SkillCraft: Automated Skill Synthesis Paper
Key Takeaways
- SkillCraft: system that automatically synthesizes new skills from observed successful agent trajectories
- Skill synthesis pipeline: trajectory → abstraction → generalization → SKILL.md generation
- 68% of auto-generated skills pass expert review without modification
- Synthesized skills outperform hand-written skills on novel-but-similar tasks
- Major limitation: brittle to distribution shift — synthesized skills assume same tool availability
Summary
SkillCraft addresses the bottleneck in skill creation: most enterprise skills require expert knowledge to write, creating a supply problem. The system observes successful agent task completions, identifies reusable patterns in the trajectory (specific tool sequences, decision heuristics), and synthesizes a generalized SKILL.md that can be applied to similar future tasks.
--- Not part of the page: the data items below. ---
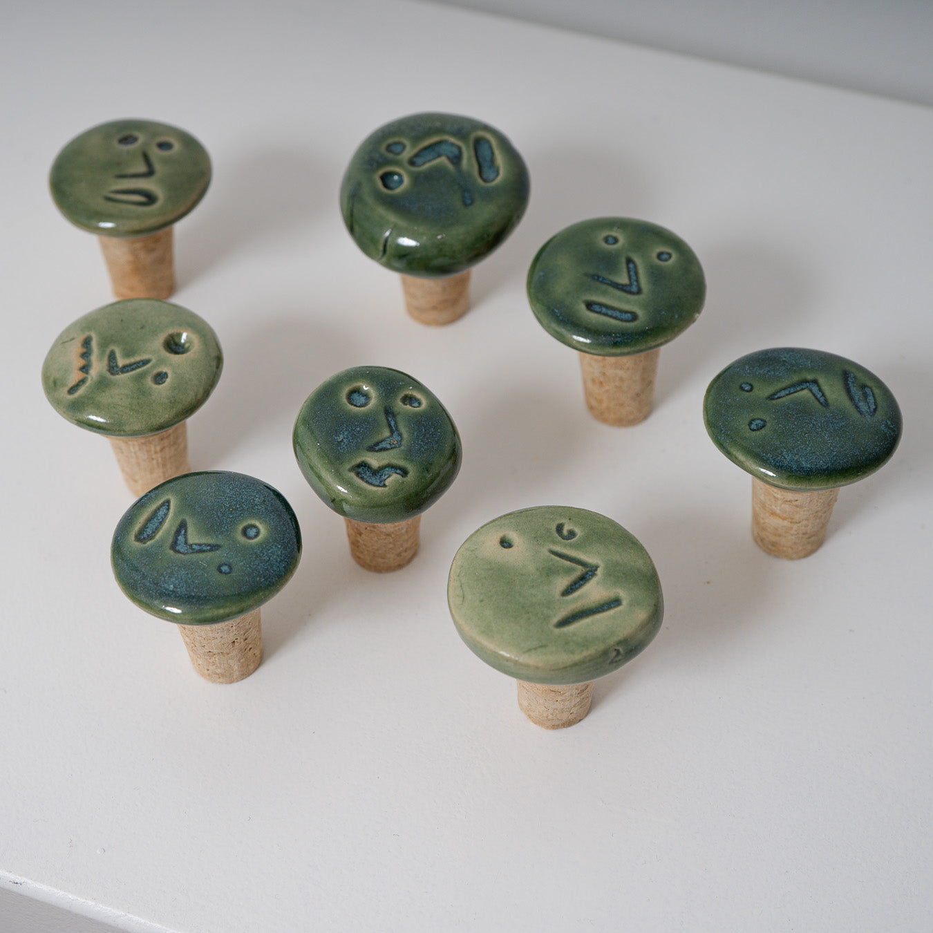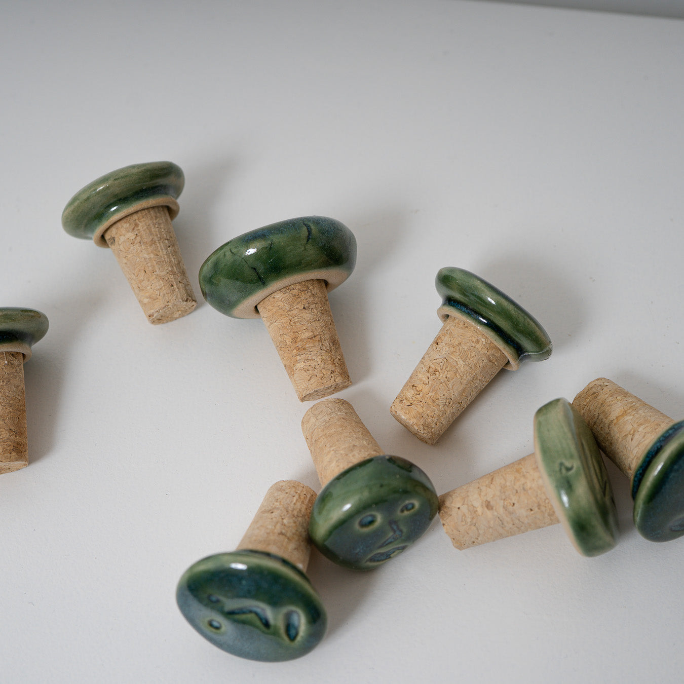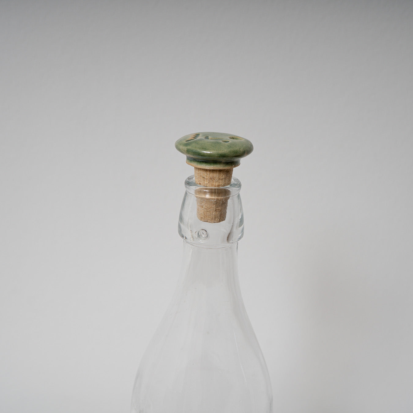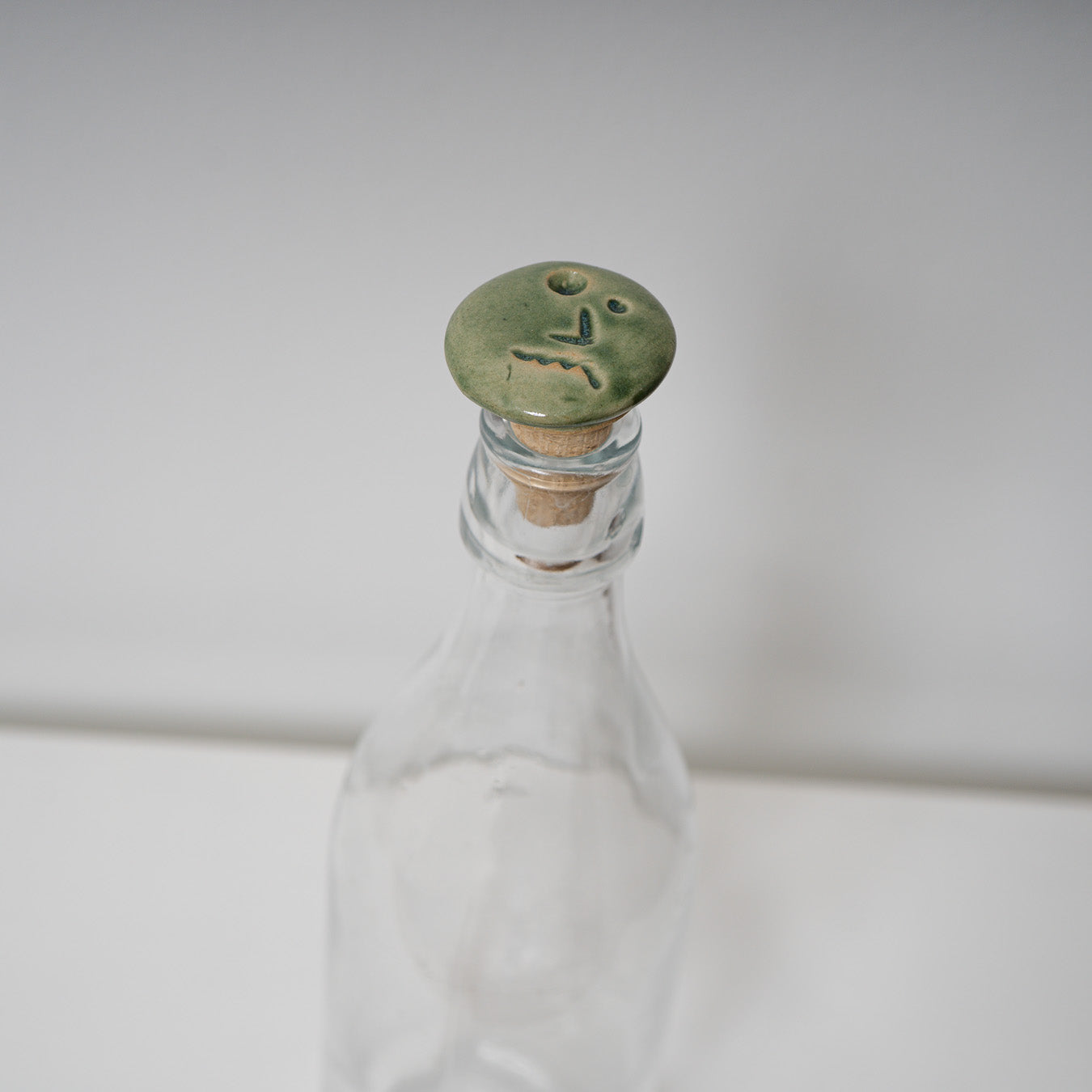 Ein keramisches Gesicht, handgeformt und auf einen hochwertigen Korken gesetzt, verschließt Wein-, Saft- oder Ölflaschen zuverlässig und bringt dabei eine leichte, freundliche Präsenz auf den Tisch.
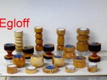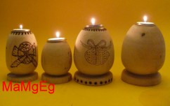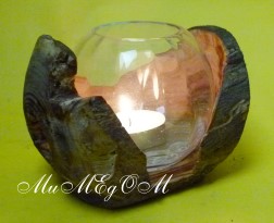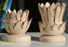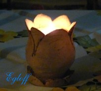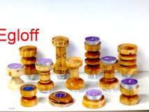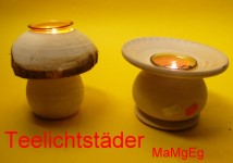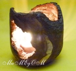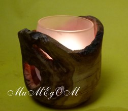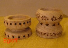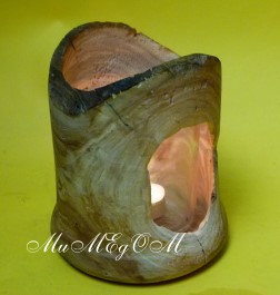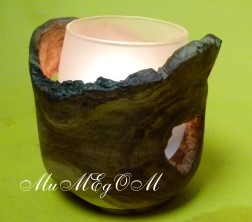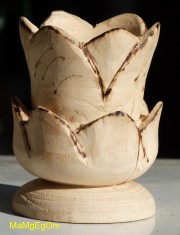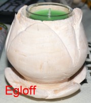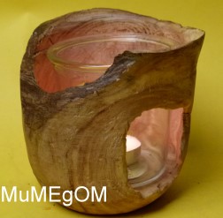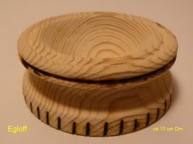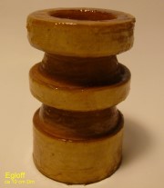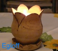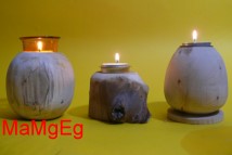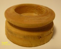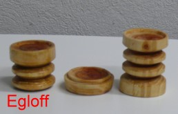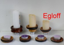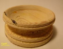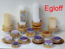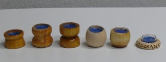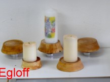 Kerzenständer, ca 6 cm hoch, 10 cm Durchmesser Weichholz quertgedrechselt, in trockenem Zustand . mit ausgehölter Kerze in Eierform
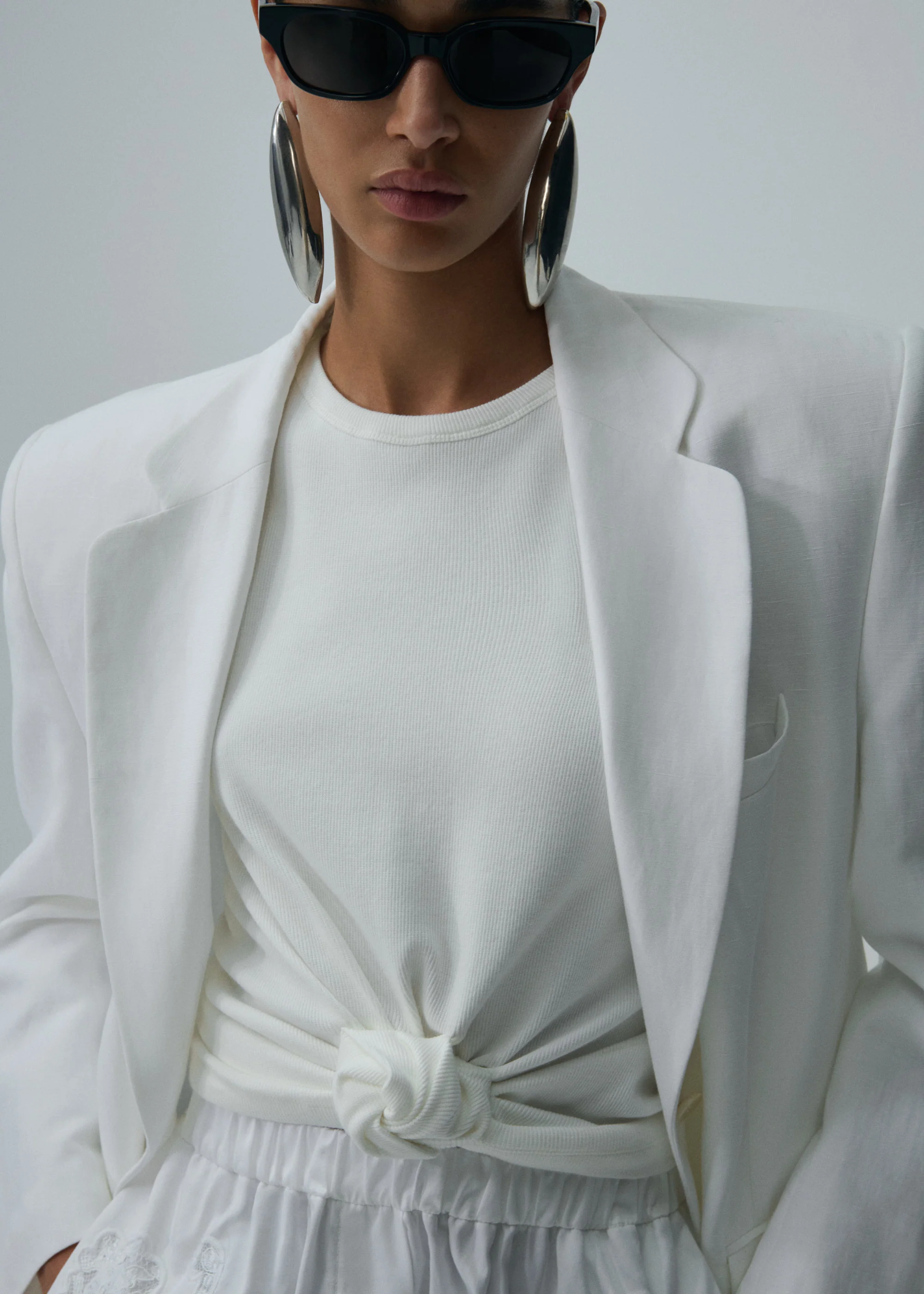 Magda Butrym's classic ribbed t-shirt is reinvented into a tank top, with a knotted detail at the front.

The technical pipeline: (1) trajectory collection from production agent logs, (2) success filtering and semantic clustering to identify repeated patterns, (3) abstraction via an LLM that identifies what’s task-specific vs. generalizable, (4) SKILL.md generation with appropriate tool declarations and procedural body, (5) automated test generation from the original trajectories.
Evaluation on the SkillBench benchmark shows synthesized skills outperform hand-written equivalents by 12% on novel-but-related tasks, because the synthesis captures implicit heuristics that human writers often omit. However, synthesized skills show 34% degradation when tool availability changes, revealing they encode assumptions about the execution environment that are invisible in the SKILL.md text.